Sometime between May and August 2009, depending on launch dates, the booster stage for NASA's LCROSS probe will deliberately crash into a permanently-shadowed lunar crater at 9,000 km/hr, producing an explosion equivalent to about 2,000 pounds of TNT (6.5 billion joules). The blast will jettison material out of the crater into broad daylight where astronomers can search the debris for signs of lunar water.
Nasa is planning to smash a spacecraft into the south pole of the Moon in order to discover whether there is water at the location. The US space agency will launch two satellites in October, the Lunar Reconnaissance Orbiter and the Lunar Crater and Observation Sensing Satellite (LCROSS).
Hawaii will have a front-row view for a spectacular rocket crash on the moon in early 2009, say those planning the project at the NASA/Ames Research Centre. The launch is being timed for optimal viewing conditions from Mauna Kea's telescopes. Isle residents also should be able to see the moon show with a "modest telescope".

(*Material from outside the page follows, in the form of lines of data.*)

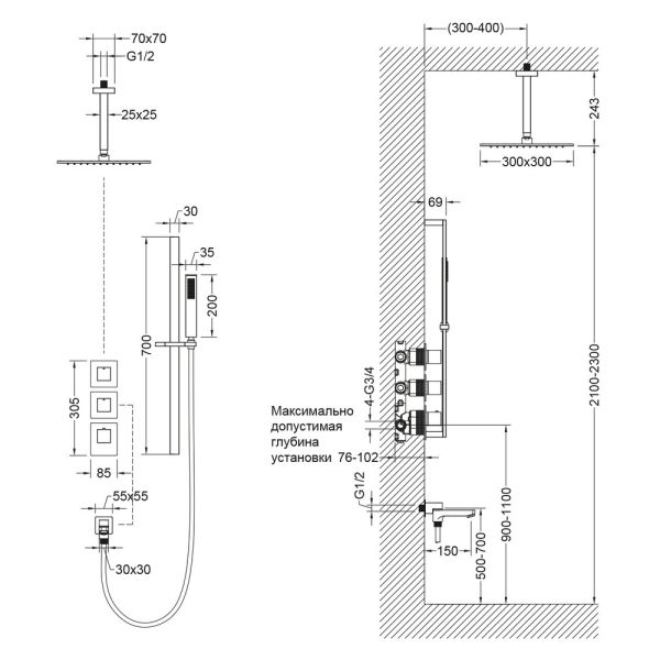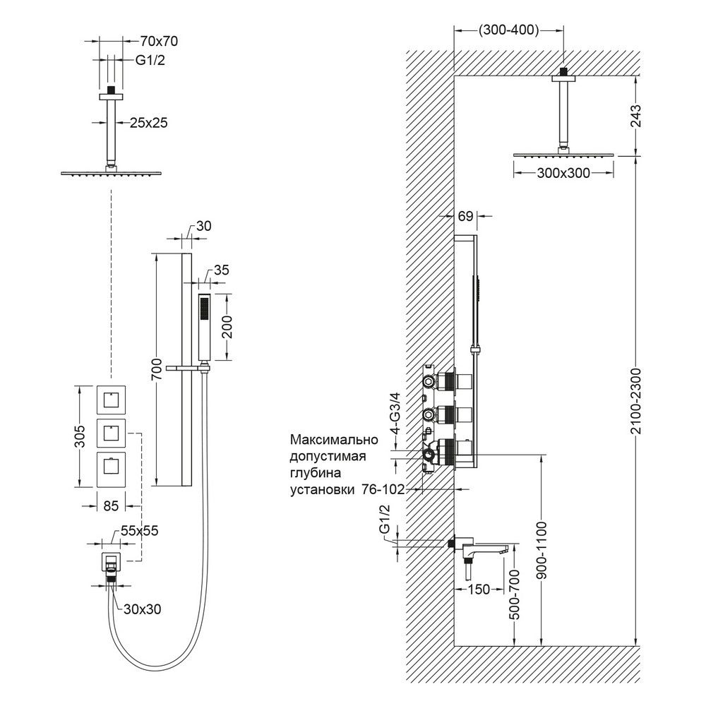 • Встраиваемый блок управления душевой системой - 1 шт.
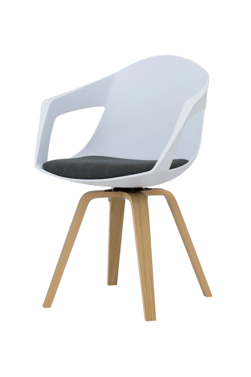 Denna snygga karmstol har snurrfunktion, är lättskött och bekväm med en sits av plast och sittpad i tyg med stoppning, ben i bockad björk med ett yttre skikt av ekfanér.
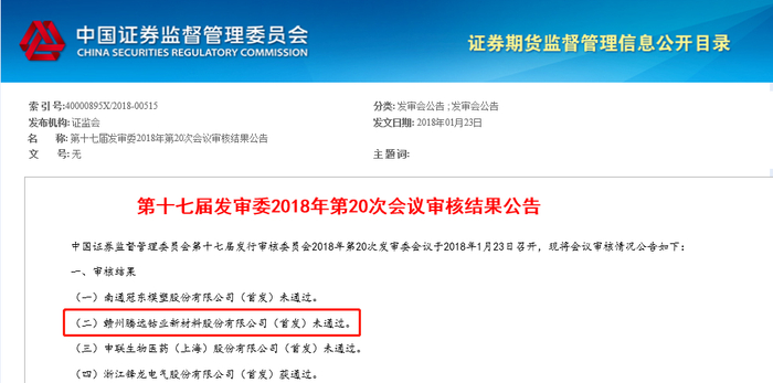 中国证监会网站公布的第十七届发审委2018年第20次会议审核结果公告显示,腾远钴业于2018年1月23日上会,首发申请未通过。

"It's really an exploration mission. We're going to a place we've never been before, to impact a dark crater whose floor has never seen the light of sun for 2 to 3 billion years" - principal investigator Anthony Colaprete.
The 4,500-pound rocket will slam into the crater on the moon's south pole at 5,600 mph, making a hole the size of a tennis court.
NASA's drive to return astronauts to the moon and later probe deeper into space achieved a key milestone recently when agency officials approved critical elements of a moon impact mission scheduled to launch in October 2008. NASA's unmanned Lunar Crater Observation and Sensing Satellite, known as LCROSS, will strike the moon near its south pole in January 2009. It will search for water and other materials that astronauts could use at a future lunar outpost. Scott Horowitz, associate administrator of the agency's Exploration Systems Mission Directorate, led a confirmation review panel that recently approved the detailed plans, instrument suite, budget and risk factor analysis for the satellite. NASA's Ames Research Centre in Moffett Field, California, manages the mission. The mission is valued at $79 million, excluding launch costs. The mission will help NASA gain a new foothold on the moon and prepare for new journeys to Mars and beyond. The confirmation review authorized continuation of the lunar impactor project and set its cost and schedule. Another mission milestone, the critical design review, is scheduled for late February. That review will examine the detailed Lunar Crater Observation and Sensing Satellite system design. After a successful critical design review, the project team will assemble the spacecraft and its instruments.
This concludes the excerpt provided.